Когда Михайло Илларионович Кутузов – ещё не фельдмаршал, но уже князь – прискакал на Бородинское поле осматривать позиции – над ним парил орёл. Заметив воинственную птицу, столь редкую в наших краях, старый генерал обнажил голову и крикнул: «Ура!», лукаво поглядывая на свидетелей этого действа. Он знал толк в символике и пропаганде.
Не успел этот сюжет попасть в газеты, а Державин уже написал оду «На парение орла»:
Мужайся, бодрствуй, князь
Кутузов!
Коль над тобой был зрим орёл, –
Ты верно победишь французов
И, россов защитя предел,
Спасёшь от уз и всю Вселенну…
Всё-таки некоторые рифмы история, как будто заранее, ещё до великих свершений, выводит золотом по граниту: «Полтава – слава», «Кутузов – французов»…
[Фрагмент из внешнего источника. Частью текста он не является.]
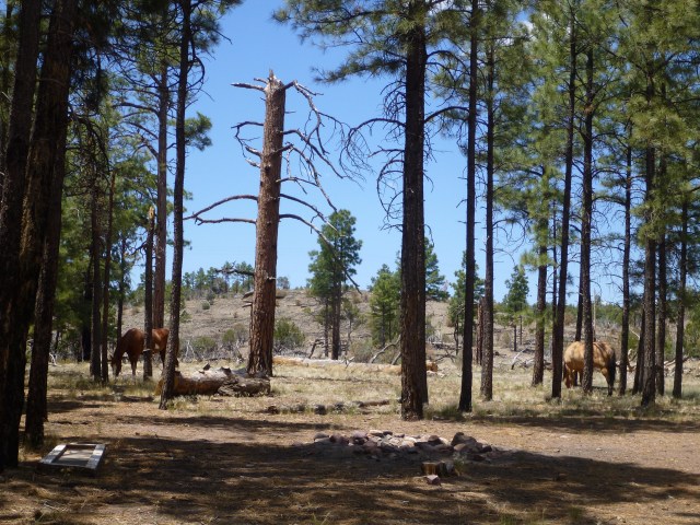 Due to the extreme fire hazard conditions, whole sections of the Apache-Sitgreaves National Forest are currently closed and off-limits.  Tomorrow morning (Monday) I will call the Forest Service in the hope that they can tell me where I Am allowed to travel – and where along that route I’m likely to find water.  My next “destination” is Luna, NM – 100 miles from where I am today.  I was hoping to be there by my birthday on 2.July to pick up a package from my folks and a new solar charging device that some friends in Florida are sending.  Right now I think the likelihood of arriving in Luna “on time” is remote – and I’m not fussed about it.  Even with all the detours and drought, I’m back on the Journey and once again finding it a great Joy.

Кутузов умел воодушевлять армию, – не забывая о двойной бухгалтерии и хитром покере. «С такими молодцами – и отступать?» – громогласно воскликнул он, зная, что великое отступление только началось и армию ещё предстоит приучить к невыносимой мысли: враг займёт Белокаменную.
Что это означало? С первых дней войны наш главный пропагандист, секретарь государя А.С. Шишков взывал к религиозным чувствам православных. Ещё громче звучал голос Церкви, которая в те времена, кроме прочего, выполняла функции Совинформбюро, сплачивала страну, призывала к сопротивлению, к неповиновению.
Великая армия ещё недалеко продвинулась на восток, ещё не встретила ожесточённого сопротивления, – а наполеоновские кавалеристы уже устраивали конюшни и спальни в церквях. В первую очередь воровали в храмах всё золотое и серебряное – выламывали, выковыривали всё, что можно продать. А уж в Смоленске и в Москве…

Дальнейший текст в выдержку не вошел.